From this exploartion, I think that garak is more appropriate to use at model level rather than application level. Garak also has some limited probes related to AI applications related to different modalities like images.
Is quite similar to garak, except that it is more dynamic and developer facing than garak. In garak the probes are created using a database with known attacks and vulnerabilities whereas in promptfoo, the probes are more context-specific i.e you need to provide information on what type of application you are testing to be able to pentest using promptfoo.
The difference between Promptfoo and garak is quite well discussed at https://www.promptfoo.dev/blog/promptfoo-vs-garak/
A simple snapshot of their methodology
In arguably promptfoo has more comprehensive test suite/strategies compared to garak. Very easy to configure how many test cases to run as opposed to garak. It is very tricky to do this in garak. Note that for some of the basic testing strategies an API key is not necessary.
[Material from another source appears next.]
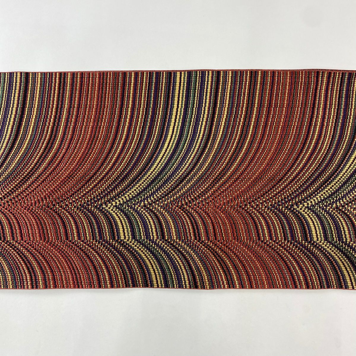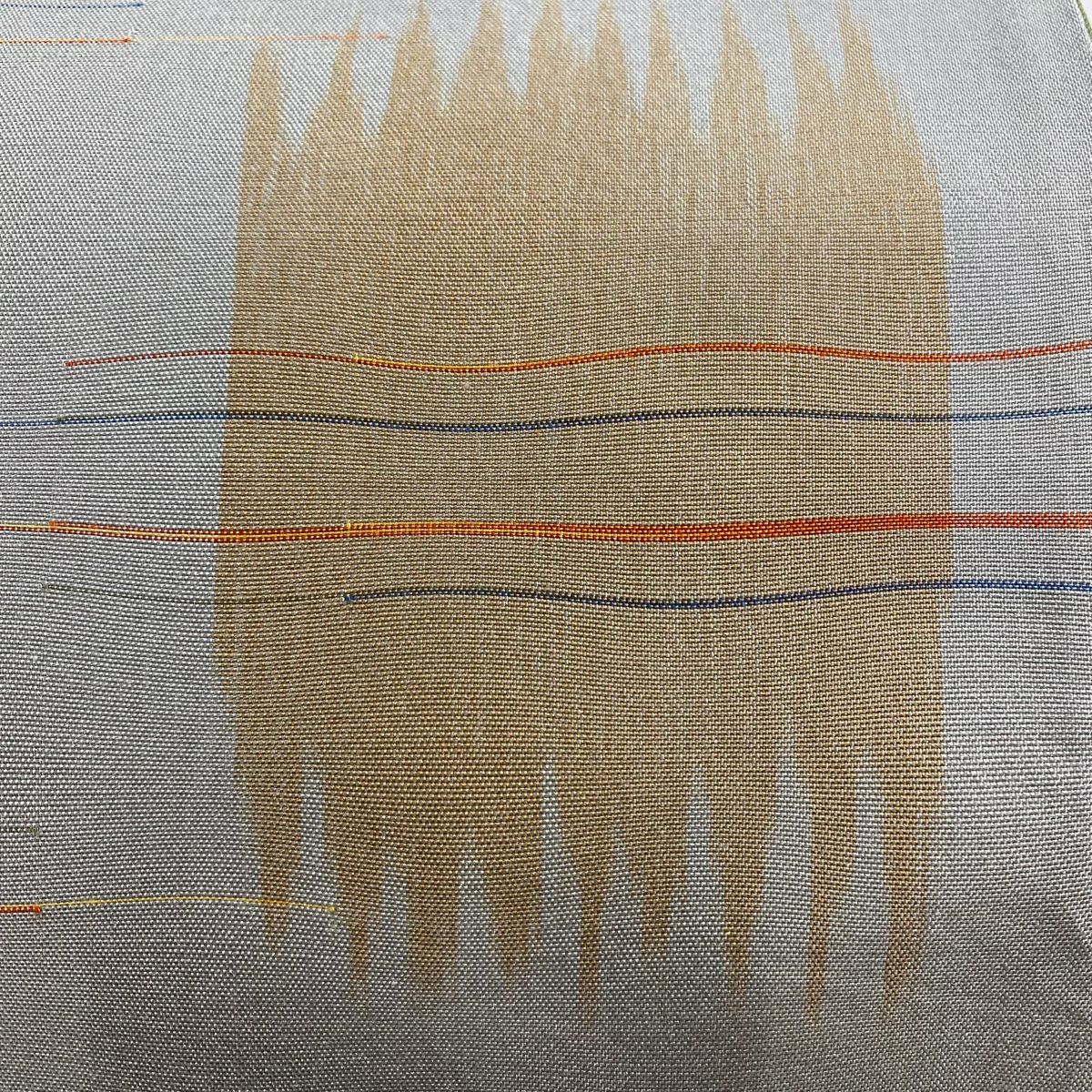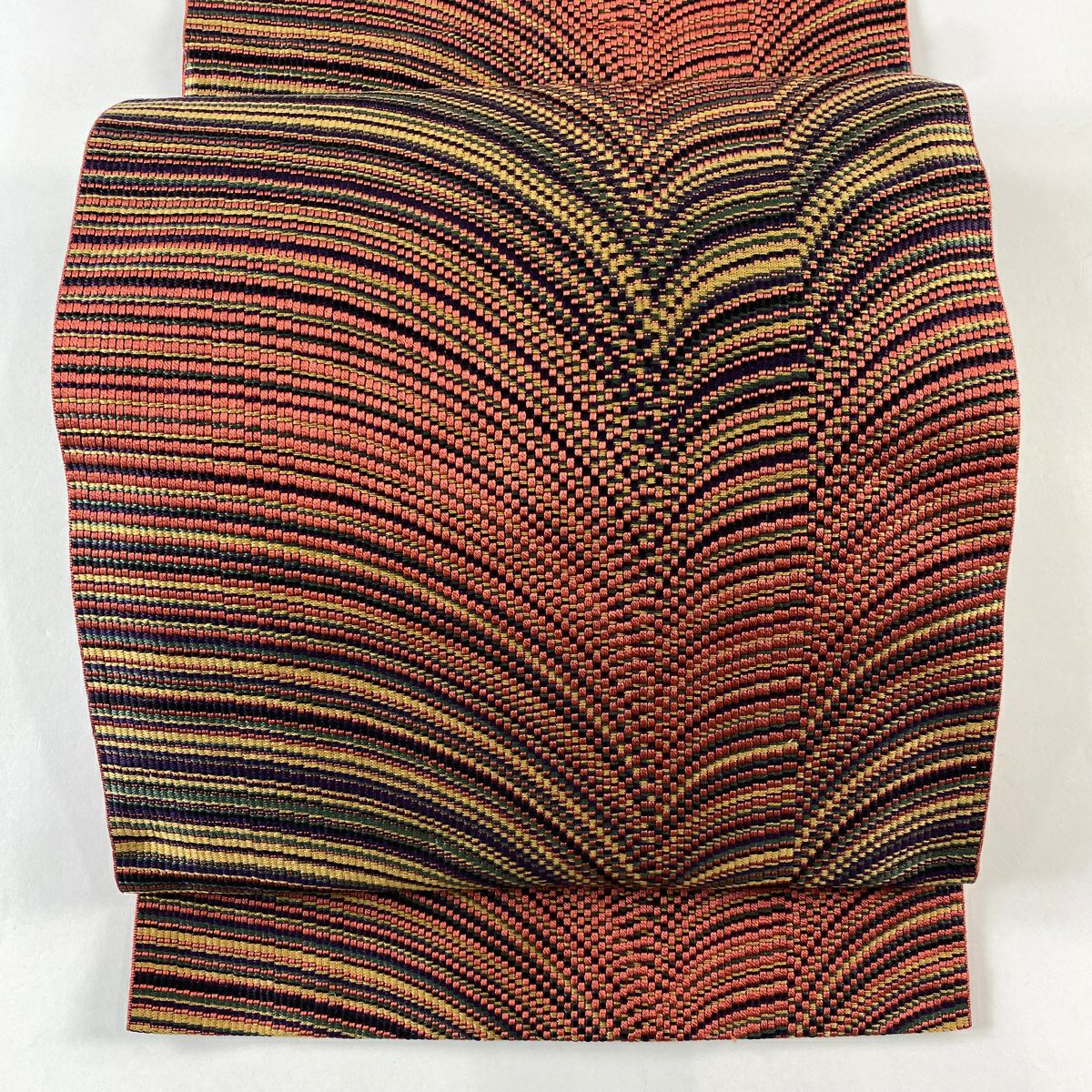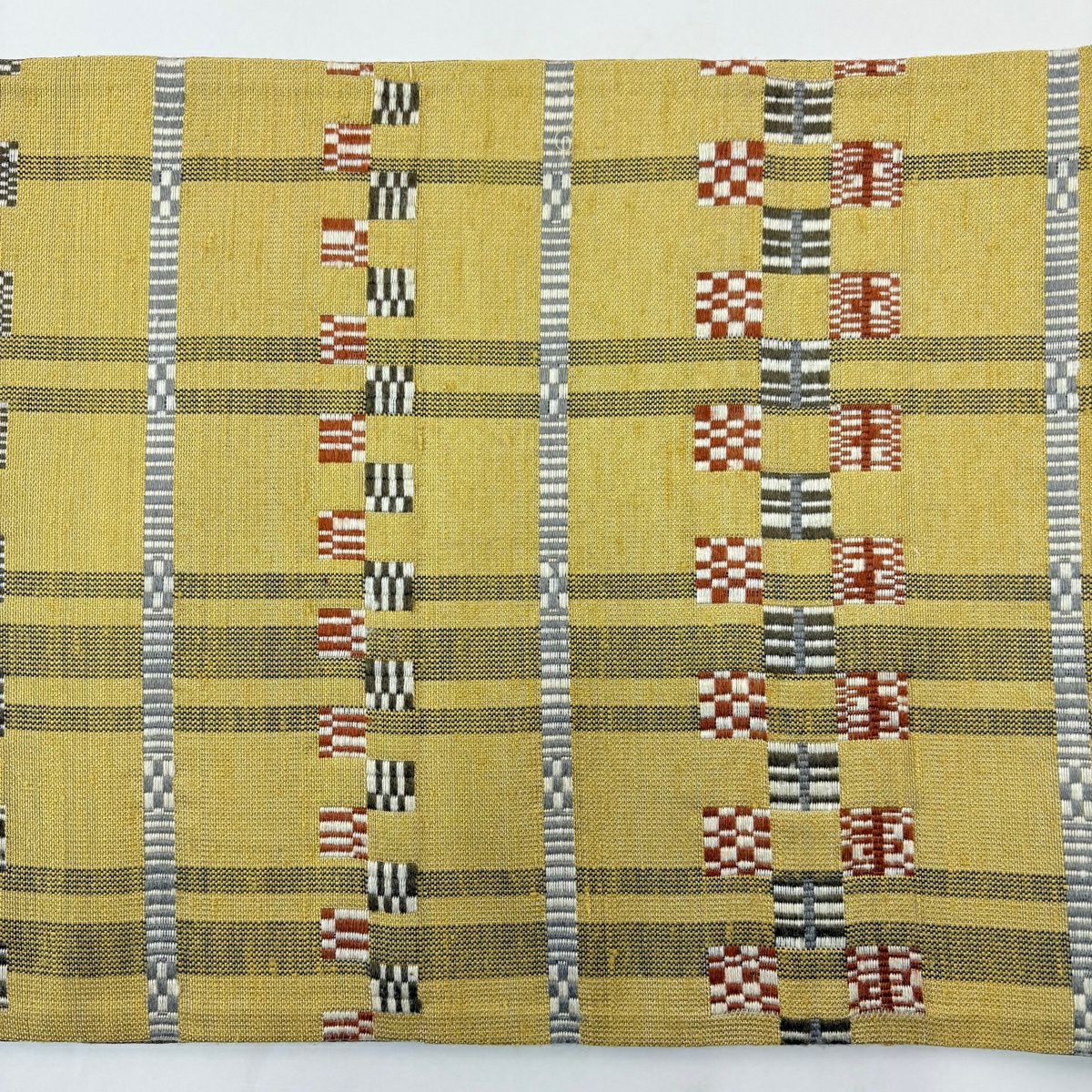 【美品】 袋帯 秀品 縞 幾何学模様 薄黄土色 全通 正絹

The type of plugins you use will determine how long it will take for your testing to run.
To run a test with yaml file use - In the directory where promptfooconfig.yaml is present
promptfoo redteam run
To view the report - In the directory where promptfooconfig.yaml is present
promptfoo redteam report
Sample response for successful document extraction in RAG

https://arxiv.org/html/2410.16527v2
Note:- In this paper promptfoo is not included for sake of comparison. But has a lot of interesting insights from similar other tools like Giskard.
Use trufflehog to check if you left any secrets/api keys hanging around. Based on the results you can doublecheck your code/results
You can also rely on Gitguardian . This looks more efficient than trufflehog
PS:- I intentionally left my n8n basic auth credentials 😂. Gitguardian caught it and trufflehog didnt. Just as a reminder N8N workflow is running locally not even exposed within local network.